Late this evening and before watching Goodbye Angelica (see next post), I’d had a painting session.  I think it lasted about an hour before I felt a bit of pain behind my eyes and had to close up shop for the night.  I painted, or sculpted – it’s really both, but heard someone compare it to paper maché and I get that now – a head.  I’m not sure what to  call that now.  If it were a painting or a drawing, I’d simply call it a portrait, and as a sculpture, it didn’t entirely make up enough anatomy to qualify as a bust (I stopped at the neck).  It was really interesting, calling on both my painting and sculpting skills at once.  It was awkward in the way that anything is when it’s new, but it felt very fluid and natural.  I know my way around the controller buttons and menus with some greater ease now, skipping quickly between the brush, selection and eraser tools and the ever-handy undo as I would in Photoshop.  So I was able to devote more focus to the object itself as I made it appear before me. 

This time I used an ellipse guide to build out the foundation of the head, and found this really helped in starting out with a sense of structure.  Once I had a base I knew what to do with it instinctually and this eased the pressure.  I used the ellipse guide again to paint out an eyeball, then duplicated it and inserted it into the head just as I would have done with clay.  It makes me think that it would be really interesting to have both a painter and a sculptor on my research team as both skillsets are equally called on. 

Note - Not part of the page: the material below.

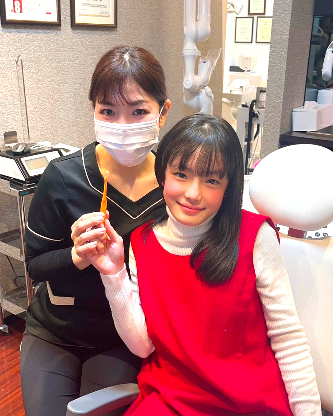 歯磨き指導をするママさん衛生士と娘さんのツーショット。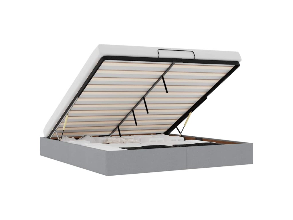 - Pohodlný zvedací mechanismus: Integrovaný hydraulický zvedací mechanismus umožňuje snadný přístup k vašim věcem uloženým pod postelí. Jednoduchým zatažením za rukojeť se základna roštu hladce zvedne a umožní vám rychle a bez námahy vyndat vaše věci.

I did find it was a little hard to figure out what to do about shifting colour values.  I was using the oil brush and true to the medium, the angle of brush application influenced the value of light on the resulting stroke.  So I was trying to work with that, careening my arm around at funny angles trying to control the light and shadow according to the global light source.  It didn’t seem to make sense to go in with lighter and darker values of the colour to describe the transition from light to mid-tone to shadow as I would when painting.   I’m going to add that now to a list of questions I’m left with after that session, just to take note for later:

– How to paint in value transitions using tonal shifts?
How to get a plane guide (doesn’t appear in the guid menu)
Resolved (22-07-20): Just use a cube grid and draw on one side of it.